## Directions for this task
What is needed is an exact copy of the lines in the entries below from the one holding "DEALELE Armband Kompatibel" through the one holding "在美以联军的压倒性优势打击下", pictures excluded.

## Data shown
*** Begin section ***
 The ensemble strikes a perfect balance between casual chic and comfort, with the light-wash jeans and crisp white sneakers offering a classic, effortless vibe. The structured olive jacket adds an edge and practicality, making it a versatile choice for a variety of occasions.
*** End section ***
*** Begin section ***
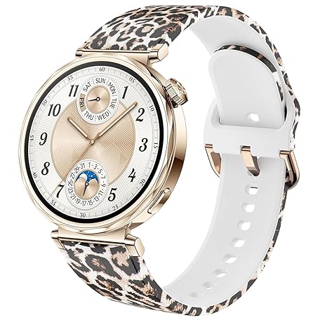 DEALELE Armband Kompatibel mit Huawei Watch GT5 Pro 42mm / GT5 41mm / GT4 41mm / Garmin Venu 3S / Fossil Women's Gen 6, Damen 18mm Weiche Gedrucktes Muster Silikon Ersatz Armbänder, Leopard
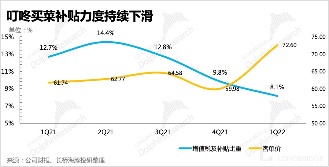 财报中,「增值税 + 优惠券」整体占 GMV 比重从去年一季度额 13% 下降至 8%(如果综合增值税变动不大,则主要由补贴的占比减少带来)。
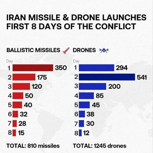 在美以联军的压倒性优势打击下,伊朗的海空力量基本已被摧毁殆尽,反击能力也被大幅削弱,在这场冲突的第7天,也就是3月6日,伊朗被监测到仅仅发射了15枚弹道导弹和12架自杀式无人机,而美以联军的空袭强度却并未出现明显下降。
*** End section ***
*** Begin section ***
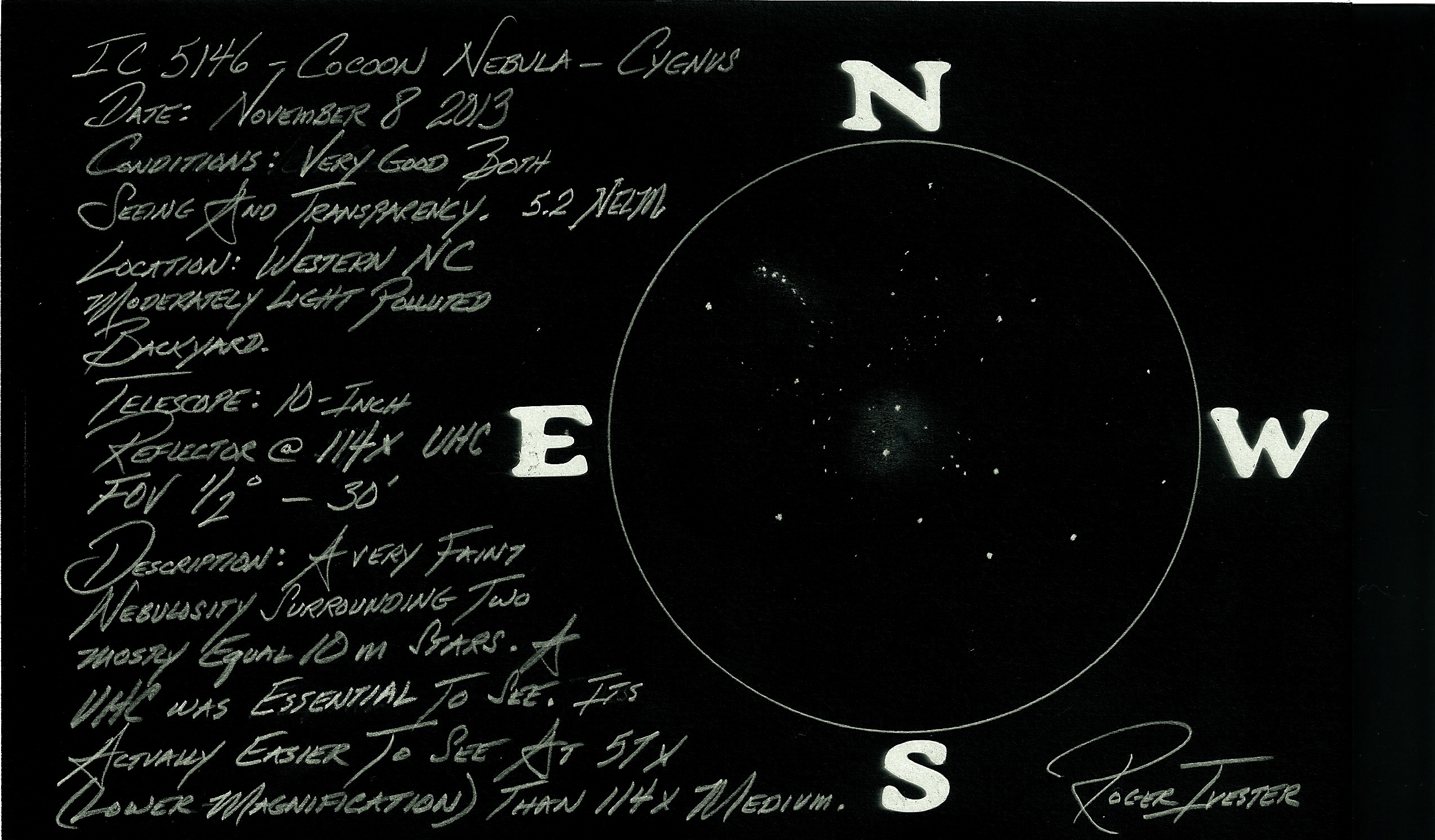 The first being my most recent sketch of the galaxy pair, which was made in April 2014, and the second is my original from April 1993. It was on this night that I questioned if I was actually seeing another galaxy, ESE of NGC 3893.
*** End section ***
## Result of the task
 DEALELE Armband Kompatibel mit Huawei Watch GT5 Pro 42mm / GT5 41mm / GT4 41mm / Garmin Venu 3S / Fossil Women's Gen 6, Damen 18mm Weiche Gedrucktes Muster Silikon Ersatz Armbänder, Leopard
 财报中,「增值税 + 优惠券」整体占 GMV 比重从去年一季度额 13% 下降至 8%(如果综合增值税变动不大,则主要由补贴的占比减少带来)。
 在美以联军的压倒性优势打击下,伊朗的海空力量基本已被摧毁殆尽,反击能力也被大幅削弱,在这场冲突的第7天,也就是3月6日,伊朗被监测到仅仅发射了15枚弹道导弹和12架自杀式无人机,而美以联军的空袭强度却并未出现明显下降。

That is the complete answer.